When simplifying expressions, applying the correct "order of operations" is crucial. This rule guides you in solving expressions by specifying the sequence in which operations should be performed. The well-known acronym PEMDAS helps to remember the order:

• Parentheses
• Exponents
• Multiplication and Division (from left to right)
• Addition and Subtraction (from left to right)

By following PEMDAS, you ensure that each part of the mathematical expression is accurately evaluated. For example, if you encounter parentheses in an expression, the operations inside them should be solved first. Then you address exponents, followed by multiplication and division as they appear from left to right, and finally perform addition and subtraction in sequence. Ignoring this order can lead to incorrect results, showcasing why mastering this sequence is vital in algebra.

Parentheses serve an important purpose in mathematical expressions. They dictate which operations need to be performed first, acting as guides to prioritize calculations within them. When dealing with expressions that contain parentheses, simplifying what's inside should be your first priority.

In the given exercise, \[64 \div (8 + 4 \cdot 2)\]start by looking inside the parentheses: \[(8 + 4 \cdot 2)\]According to the order of operations, the multiplication should be performed before the addition.
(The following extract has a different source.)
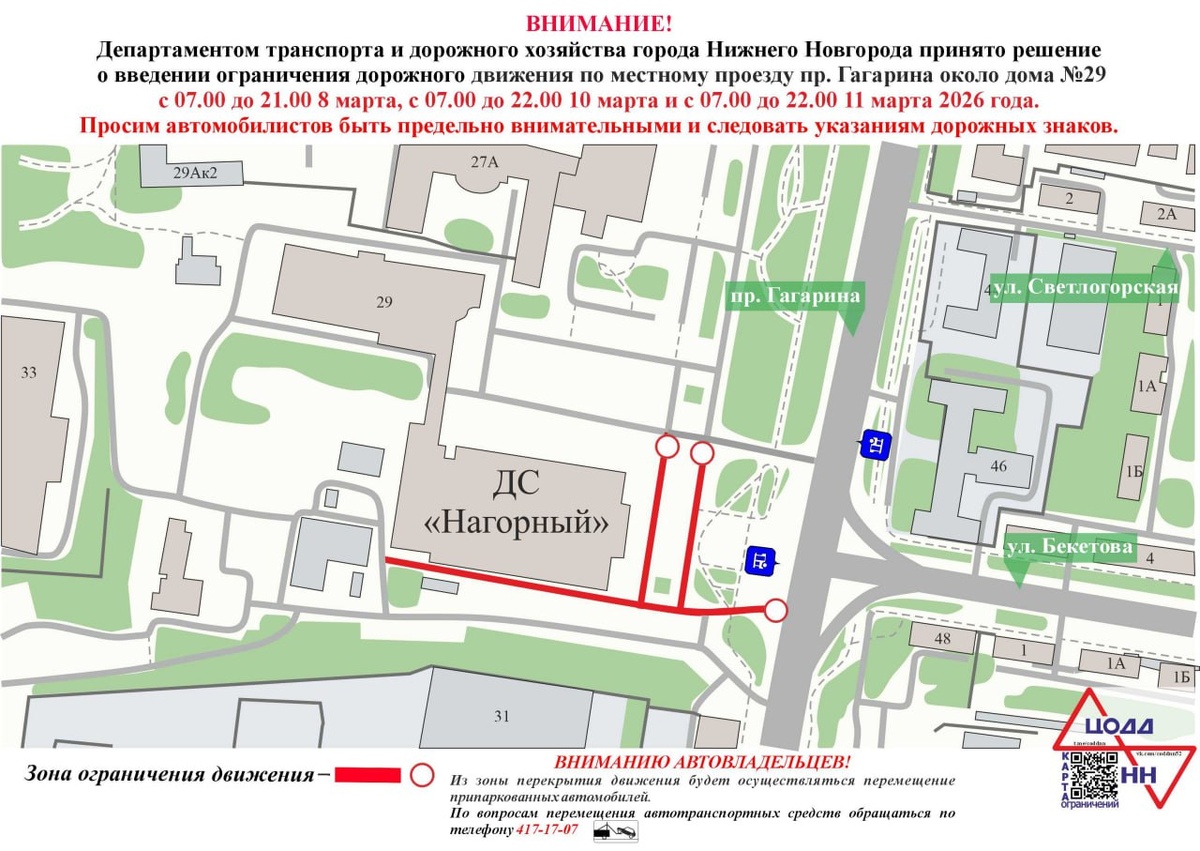 В Нижнем Новгороде временно ограничат движение транспорта по местному проезду проспекта Гагарина около дома №29. Об этом сообщили в городской администрации. Ограничения вводятся в связи с проведением спортивных мероприятий. Проезд будет закрыт в следующие даты: Объезд транспорта будет организован по прилегающим улицам. Водителей просят заранее убрать автомобили из зоны ограничений. Машины, оставленные на участках, где будет запрещена парковка, могут быть принудительно перемещены. Уточнить информацию о перемещенных автомобилях можно по телефону справочной службы: 417-17-07. Автомобилистам также рекомендуют быть внимательными и следовать указаниям дорожных знаков. Ранее Нижегородцев предупредили о риске подтоплений федеральных трасс во время весеннего половодья Фото: Мэрия Нижнего Новгорода

Begin by calculating \[4 \cdot 2 = 8\]Next, add 8 to 8:\[8 + 8 = 16\]This simplification leaves you with:\[64 \div 16\]By applying this method consistently, you ensure accurate and reliable results, making complex expressions easier to manage.

Division in algebra involves breaking down numbers or simplifying expressions even further. In the context of the example, once the expression inside the parentheses was simplified to a single number, the next step was to divide.

Division is performed as indicated in the expression, in this case:\[64 \div 16\]Dividing 64 by 16 involves determining how many times 16 can fit into 64. The result is 4, as \[64 \div 16 = 4\]When dividing in algebra, always ensure that your division is done after any necessary simplifications have been made. This step is foundational in keeping equations balanced and correctly solved. It’s also helpful to think of division as the inverse of multiplication, which can aid in checking your work and understanding the relationships between operations in algebra.